Reputation: 3815
I am scraping an XML document like this:
>>> response.xpath("//ul[@class='meta-info d-flex flex-wrap align-items-center list-unstyled justify-content-around']/li[position()=2]/text()").extract()
and is giving me the following output:
['\n ', '\n\t\t\t ', '\n\t\t\t\t24 Feb, 2019 ', '\n ', '\n\t\t\t ', '\n\t\t\t\t24 Feb, 2019 ', '\n ', '\n\t\t\t ', '\n\t\t\t\t24 Feb, 2019 ', '\n ', '\n\t\t\t ', '\n\t\t\t\t24 Feb, 2019 ', '\n ', '\n\t\t\t ', '\n\t\t\t\t24 Feb, 2019 ', '\n ', '\n\t\t\t ', '\n\t\t\t\t24 Feb, 2019 ', '\n ', '\n\t\t\t ', '\n\t\t\t\t24 Feb, 2019 ', '\n ', '\n\t\t\t ', '\n\t\t\t\t24 Feb, 2019 ', '\n ', '\n\t\t\t ', '\n\t\t\t\t24 Feb, 2019 ', '\n ', '\n\t\t\t ', '\n\t\t\t\t24 Feb, 2019 ', '\n ', '\n\t\t\t ', '\n\t\t\t\t24 Feb, 2019 ', '\n ', '\n\t\t\t ', '\n\t\t\t\t24 Feb, 2019 ', '\n ', '\n\t\t\t ', '\n\t\t\t\t24 Feb, 2019 ', '\n ', '\n\t\t\t ', '\n\t\t\t\t23 Feb, 2019 ', '\n ', '\n\t\t\t ', '\n\t\t\t\t24 Feb, 2019 ', '\n ', '\n\t\t\t ', '\n\t\t\t\t24 Feb, 2019 ', '\n ', '\n\t\t\t ', '\n\t\t\t\t24 Feb, 2019 ', '\n ', '\n\t\t\t ', '\n\t\t\t\t24 Feb, 2019 ', '\n ', '\n\t\t\t ', '\n\t\t\t\t24 Feb, 2019 ', '\n ', '\n\t\t\t ', '\n\t\t\t\t24 Feb, 2019 ', '\n ', '\n\t\t\t ', '\n\t\t\t\t24 Feb, 2019 ']
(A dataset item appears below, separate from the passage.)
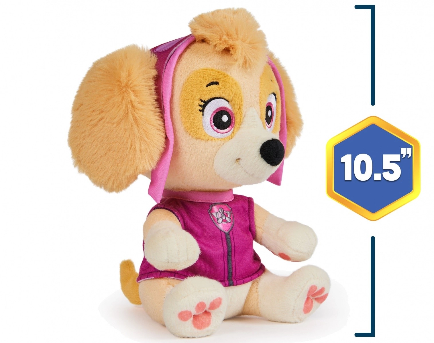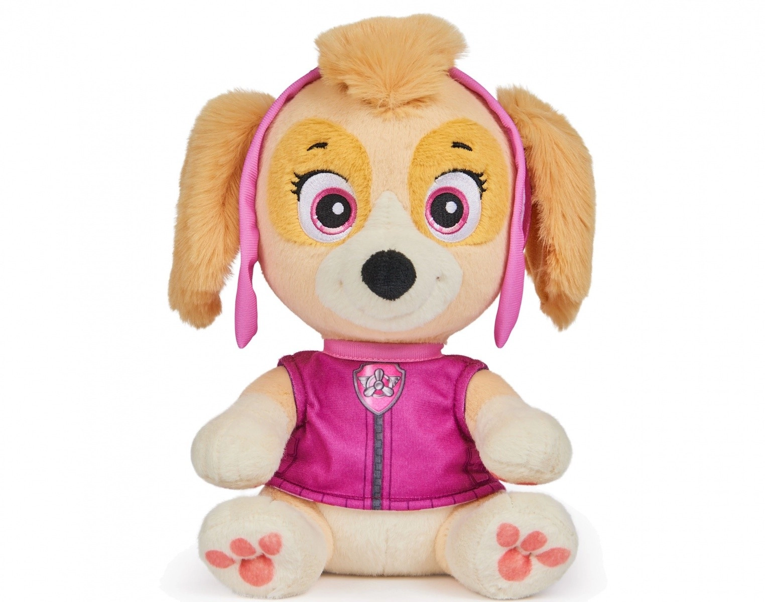 Przynieś do domu miękką towarzyszkę na dobranoc – Skye z uwielbianego serialu Psi Patrol. Ta przytulanka wyróżnia się super miękką powierzchnią, bezpiecznymi haftowanymi detalami i wygodnym rozmiarem do przytulania. Dzięki wiernemu odwzorowaniu Skye wygląda jak w serialu i dzieci pokochają ją od razu.

But I do not want any fields that are either newlines, tabs or whitespaces, so I am trying to use the normalize-space()
function, as follows:
>>> response.xpath("normalize-space(//ul[@class='meta-info d-flex flex-wrap align-items-center list-unstyled justify-content-around']/li[position()=2]/text())").extract()
But I am getting a null output:
['']
What is happening here?
Upvotes: 0
Views: 425
Reputation: 338278
normalize-space()
works on a single string. You are giving it a whole list of nodes.
So it takes the first one, converts that to string, and returns the result. Your first node has a value of '\n '
.
Write a for
loop over //ul[@class='meta-info d-flex flex-wrap align-items-center list-unstyled justify-content-around']/li[position()=2]
and call normalize-string()
on the individual nodes.
Upvotes: 1
Reputation: 1351
I used regex to solve a similar problem, which I included below, if you want to test it. I found that it works well. This question should answer what is happening with normalize-space. It's expected to return an empty string on a text node.
import re
item_text = response.xpath("//ul[@class='meta-info d-flex flex-wrap align-items-center list-unstyled justify-content-around']/li[position()=2]/text()").extract()
re.sub('[\s]{2,}', '\n', "".join(item_text).strip())
Upvotes: 1